Is it time for the Foo Fighters to just shut up?

Nirvana were the kings, so what does that make the Foo Fighters? Unfortunately, as of right now, more like a damp squib.

A band born out of undisputed tragedy is always a difficult thing to wrestle with. The fact that Dave Grohl even decided to stay in the music industry at all, let alone make a success out of it after the death of Kurt Cobain, which rocked his life, is completely commendable. But 30 years down the road, that line of sympathetic ears has slightly run dry.

To be clear, this is not an attempt to sound callous towards someone who has clearly endured a lot of suffering for their art form, no matter what way you look at it. But what started as a passion project and a channelling of grief back in the mid-1990s has now morphed into something unrecognisable from what it once was, and not for the better.

The Foo Fighters are a band that has never really stopped to take a breath, a lot of the time, which shows increasingly now as the years have worn on. We’re only just past the midpoint of the 2020s, and yet they’ve produced three full albums in that time, with the latest arriving next month. 

Bear in mind that they also tragically lost a stalwart member of the group in Taylor Hawkins only in 2022, and it really puts into perspective how much the juggernaut train of constantly pushing out music and heading on the road has really not stopped for breath. That might be forgiven in younger artists with more naivety in terms of the whims of the business, but for a group of middle-aged guys for whom this is far from their first rodeo, the effect wears a little thin.

Foo Fighters - 2025 - Elizabeth Miranda
Credit: Elizabeth Miranda

The irony is that despite the controversy which blew up on their 2024 tour when Grohl took a dig at Taylor Swift, he is fronting a band who are increasingly turning in that same direction of onslaughts of new consumption in a vain attempt to keep their audience appeased.

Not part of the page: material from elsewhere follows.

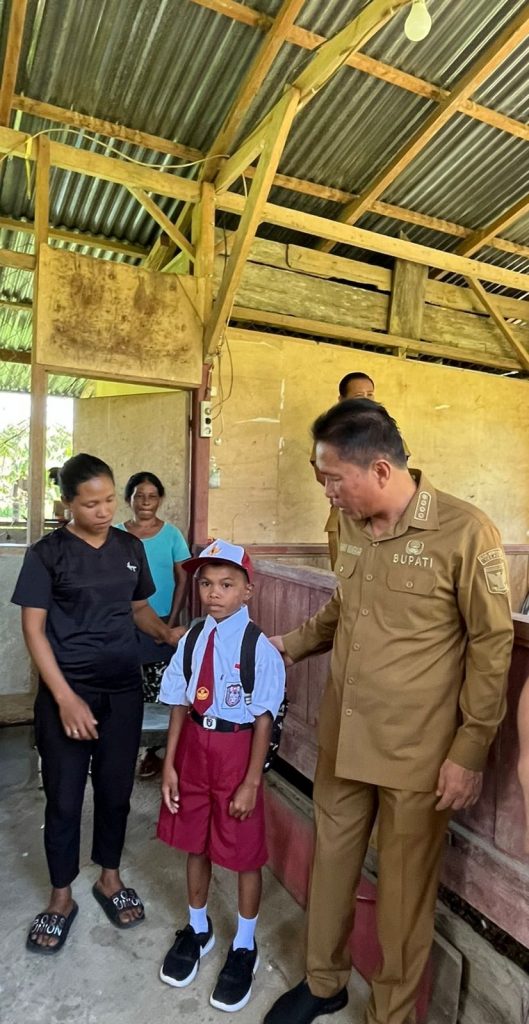 Bupati Minahasa Selatan Bpk. Franky Donny Wongkar, SH., menyerahkan bantuan untuk anak putus sekolah di desa Sulu Kecamatan Tatapaan

Don’t get me wrong, much like Swift, it works: they’re still selling out stadiums easily and show no signs of stopping.

But that is also the problem. For a band that likes to present itself as rock and roll royalty, and certainly has the experience to justify that image, recent years have shown a pattern of diluting their sound with each release, without having much of real substance to say.

The effect became apparent to me when I went to see them live two summers ago with my family. For a rock band, it was perhaps the dullest crowd I have ever seen. With people constantly streaming out of the stadium to head for the bar or toilet breaks, the Foo Fighters held no command on stage for keeping the audience entertained, let alone interested.

At best, they could be a little more revved up by a turn of ‘My Hero’ or ‘The Pretender’, but when Grohl headed for the B-stage to drag out a random album track acapella ballad that no one had heard of and seemed confused by? Forget it. The crowd was long gone by that point.

Nothing seems to have really improved from that point forward, and with a new album and tour yet again on the horizon, it doesn’t seem like it is going to. On the face of it, compared to other rock outfits on the scene, the Foo Fighters don’t seem like a band of jaded views and giant egos, but if that truly isn’t the case, they have a long way to go in recapturing the spirit of what they once were. 

There also is the uncomfortably unavoidable point of Grohl’s own off-stage antics in the past few years. After he announced in September 2024 that he was fathering a child outside of his marriage to his wife Jordyn Blum, he disappeared for seemingly the briefest of seconds while public perceptions of him took their necessary dip.

Dave Grohl - Musician - Foo Fighters - 2019
Credit: Far Out / Raphael Pour-Hashemi

But it’s almost as if you can hear the conversations of the PR team without even having to be present. ‘Bide your time, Dave, then come back and say you’re sorry. Tell them you’re working on yourself, and everything will be fine!’ It sounds trite, but the scariest thing is that this is the exact situation which has just played out in real time.

With his supposed justifications of going to therapy six days a week and trying to use this as evidence for the fact he is meant to be a ‘better man’ now, there’s no escaping the fact that it has been expertly timed, not to relieve him of the public backlash to his personal woes, but as a promotion for the forthcoming album and its lyrical plaudits.

The man who was once regarded as the nicest guy in rock music has certainly run into a bit of trouble, but essentially trying to worm out of it by revealing the amount of hours (and money) he’s spent lying back on a couch is a pretty slimy excuse, by any standard. Trying to gain public sympathy for being a plainly bad person, and flog your new product while you’re at it, really shouldn’t end well.

But the whole situation has become endemic to the cycle the Foo Fighters have managed to become stuck in, where they feel the incessant need to just churn something else out for the sake of it, even when the circumstances very much warrant a period of silence. Grohl’s life is a mess, but the band hasn’t released anything in a whole three years. Duty calls, and everything else must fall behind that,

If only they could just stop for a second, breathe, and take stock of the path they’re on – it would probably do them a world of good to stop churning out sub-par tracks of guitar riffs and screaming vocals, and remember the reason they started on this whole ride in the first place. For once, the Foo Fighters should just shut up.